Genetic dissection of cell growth arrest functions mediated by the
epstein-barr virus lytic gene product, Zta.
Rodriguez A, Armstrong M, Dwyer D, Flemington E
Harvard University and Dana-Farber Cancer Institute, Boston, Massachusetts
02115, USA.
J Virol 1999 Nov;73(11):9029-38
Abstract
Expression of the Epstein-Barr virus (EBV) latency-associated genes
activates cell cycle progression and drives immortalization of the infected
cell. In contrast, progression of the EBV replication program occurs most
efficiently in growth-arrested cells. Previous studies showed that the
EBV-encoded immediate-early transcription factor, Zta, can induce expression
of the cyclin-dependent kinase inhibitors, p21 and p27, the tumor
suppressor, p53, and cell growth arrest. Moreover, Zta-mediated induction of
growth arrest occurs independently of its transcriptional transactivation
function. Here we show that substitution of Zta's basic DNA binding domain
with the analogous region of the Zta homologue, c-Fos, abrogates Zta's
ability to induce growth arrest and to induce p21, p27, or p53 expression,
suggesting that protein-protein interactions between this region of Zta and
key cell cycle control proteins are involved in signaling cell cycle arrest.

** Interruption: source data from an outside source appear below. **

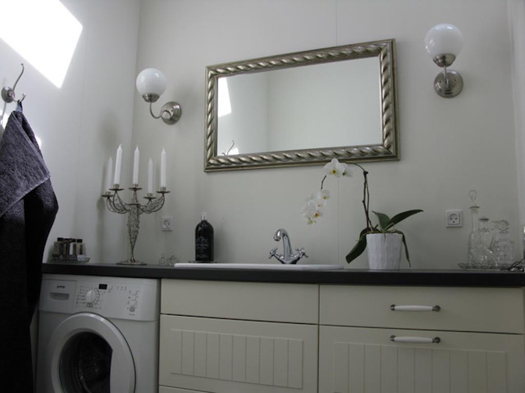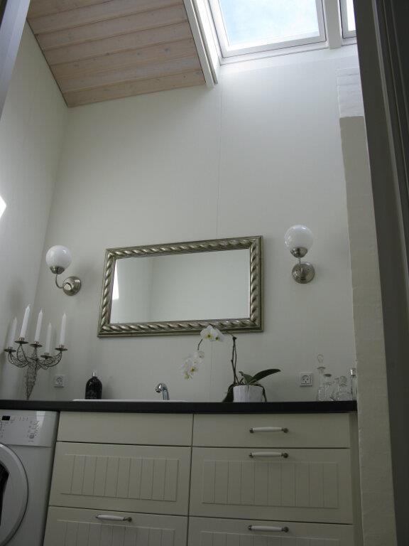 Der er et lækkert badeværelset med toilet, brusebad og varme i gulvet. Der er også vaskemaskine.
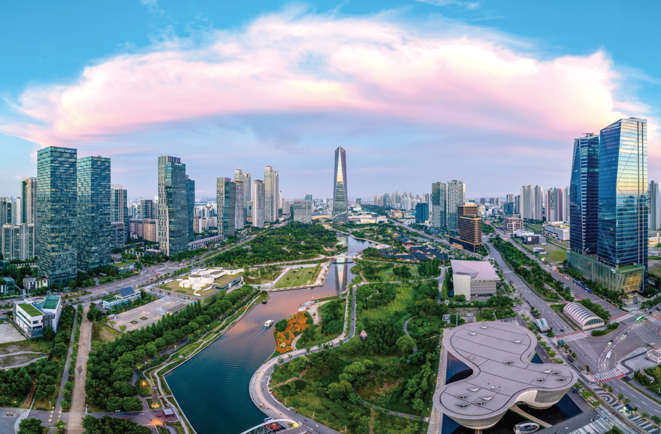 松岛国际都市是“未来之城”在当下的具象化存在。海风穿过城市的街道,玻璃幕墙建筑随着太阳东升西落折射不一样的光线,编织着城市的别样风景线。漫步其中,便是全身心感受建筑与自然、人与时间对话的过程。松岛未来路延伸出来的每一段,都在见证着仁川联通世界、探索全新生活方式与空间文化的开拓者精神。从讲述城市诞生背景的地方出发,依次经过水上建筑、宽敞的公园与水路、跨海巨桥,还有汇集八方来客的会展中心……您将看到这条路以最美丽的姿态为您展示的“未来之城发展历程”。
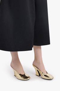 SCULPTED HEELED MULES IN MIRROR EFFECT LEATHER
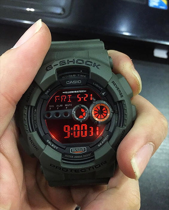 5 LCD-дисплеев различного размера выстроены в ряд, что придаёт модели эксклюзивный трёхмерный образ. Аксессуар цвета хаки точно станет ключевым элементом вашего повседневного стиля. Уникальной особенностью стала светодиодная подсветкаСветодиодная подсветкаСветодиодная или LED-подсветка обеспечивает появление яркого холодного свечения за счёт LED-элементов - маленьких лампочек. Они потребляют минимальное количество энергии, чаще всего можно встретить 1 светодиод, в нижней части циферблата., для повышения яркости которой инженеры Casio используют специальный люминесцентныйЛюминесцентное покрытиеПозволяет считывать показания времени в темноте. Производители наносят на стрелки, часовые индексы, безель или поверхность циферблата светонакопительный состав, дающий холодное свечение. круг. Кварцевый японский механизм работает от батарейки, рассчитанной на 7 лет эксплуатации. Противоударный корпусУдаропрочный корпусМеханизм заключён в корпус, выполненный из современных материалов, устойчивых к ударам, механическим повреждениям и падению с высоты: инновационный пластик, карбон, нержавеющая сталь, титан. и браслет из полимерного пластика. 12/24-часовое отображение времени. Минеральное стекло. Возможность включения отключения звука кнопок. Световая индикация сигнала для будильника, по окончанию работы таймера или секундомера. Мировое времяМировое время Полезное часовое усложнение, отображающее время в основных городах и известных областях по всему миру, оно связано с часовыми поясами, удобно для путешественников и бизнесменов. , автоматический календарь, хронографХронографФункция позволяет измерять отрезки времени с особой точностью: часы, минуты, секунды. Верным признаком хронографа является наличие на циферблате 3 дополнительных окошек-счётчиков.. Габариты: 55 x 51,2 x 17,4 мм.
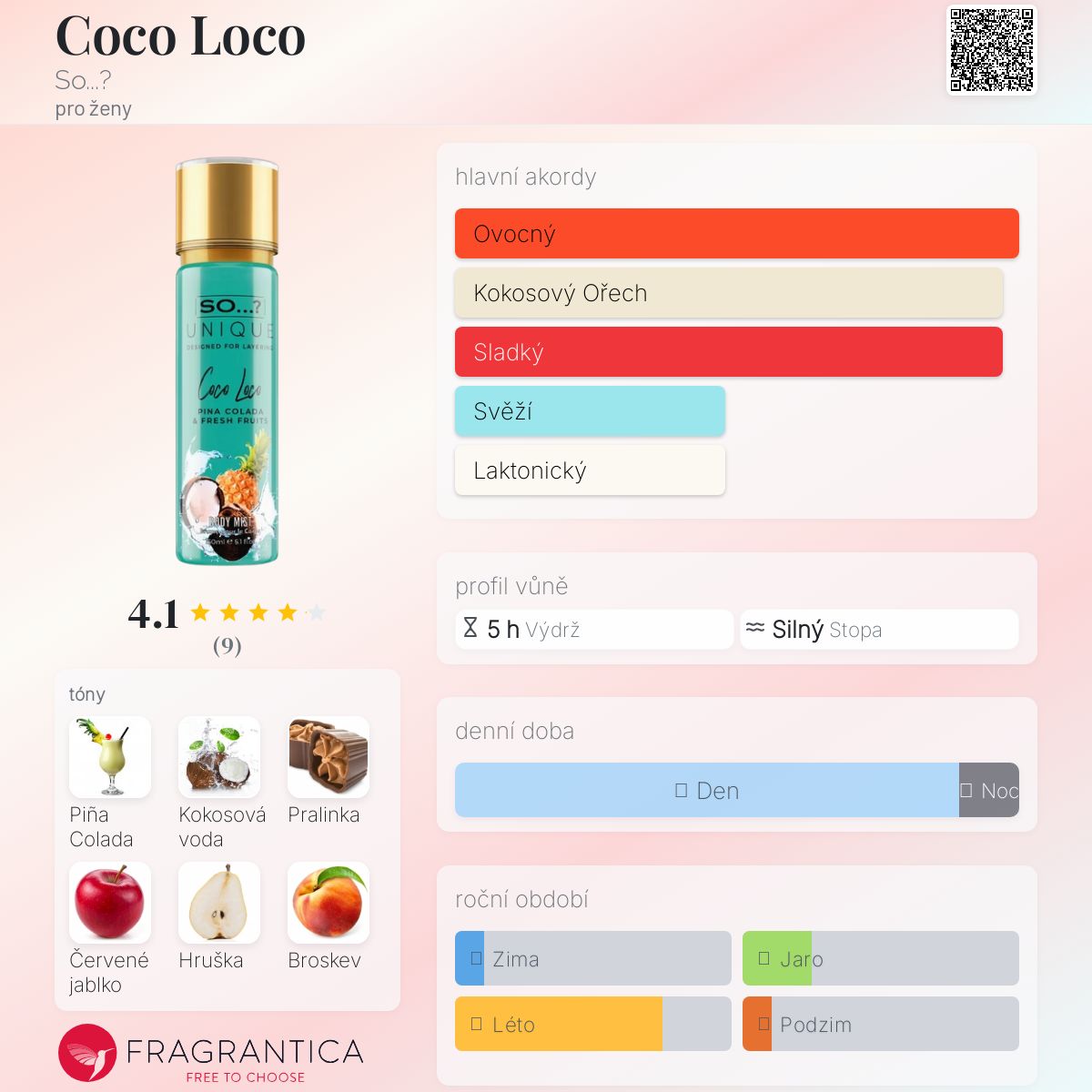 Coco Loco podle So...? je vůně pro ženy. Coco Loco byl/a uveden/a v roce 2023. Vrchní tóny jsou Červené jablko, Hruška a Broskev; střední tóny jsouPiña Colada, Kokosová voda a Mango ; základní tóny jsou Pralinka, Vanilka, Fazole tonka a Pižmo.
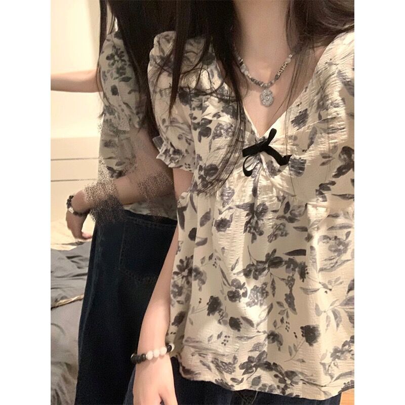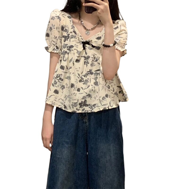 | nameOriginal | French Retro Ink Floral Bubble Short-sleeved Shirt Women's Summer Chic Fresh Sweet Short Doll Shirt Top |
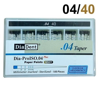 Описание: Абсорберы конусные 04 №40 (100шт.), DiaDentАбсорберы DiaDent Конусность: 04. Номер (ISO): №40. (Absorbent Paper Points)
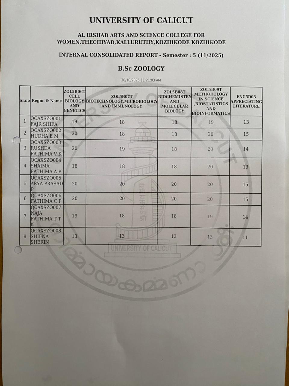 Fourth semester BSC Zoology internal examination (2021 admission)
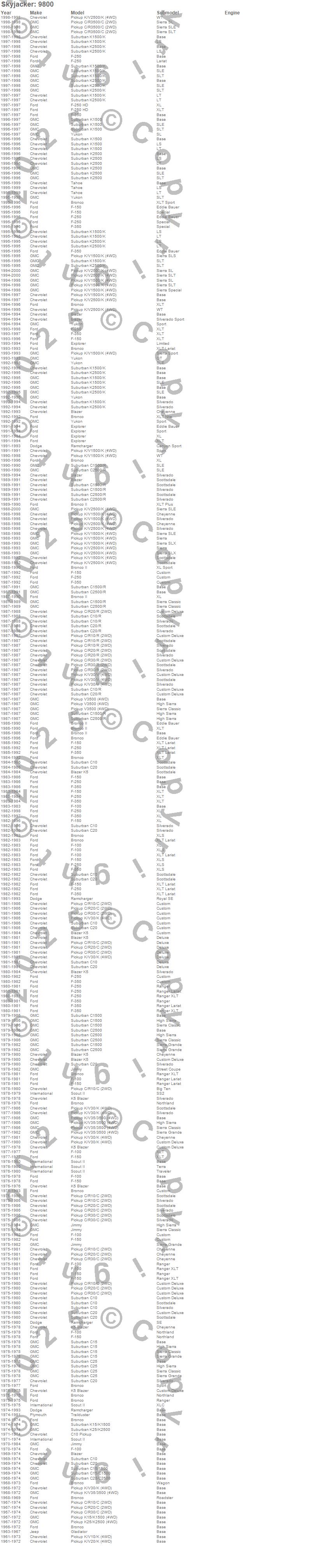 Below is an abbreviated list of applications for the Steering Stabilizer.Blazer, Blazer K5, Bronco, Bronco II, C10 Pickup, C10 Suburban, C15 Suburban, C15/C1500 Suburban, C1500 Suburban, C20 Pickup, C20 Suburban, C25 Suburban, C25/C2500 Suburban, C2500 Suburban, C30 Pickup, C3500 Pickup, Explorer, F-100 Pickup, F-150 Pickup, F-250 Pickup

We also show that despite the crucial role for Zta's basic domain in
eliciting cell growth arrest, its amino terminus is required for efficient
induction of p27 and it modulates the level of p53 induction. Last, we
provide evidence that Zta-mediated inductions of p21, p27, and p53 occur, at
least in part, through distinct pathways. Therefore, Zta interacts with
multiple growth arrest pathways, a property which may have evolved partly as
a means to ensure that lytic replication occurs in a growth-arrested setting
in multiple different tissues in various states of differentiation.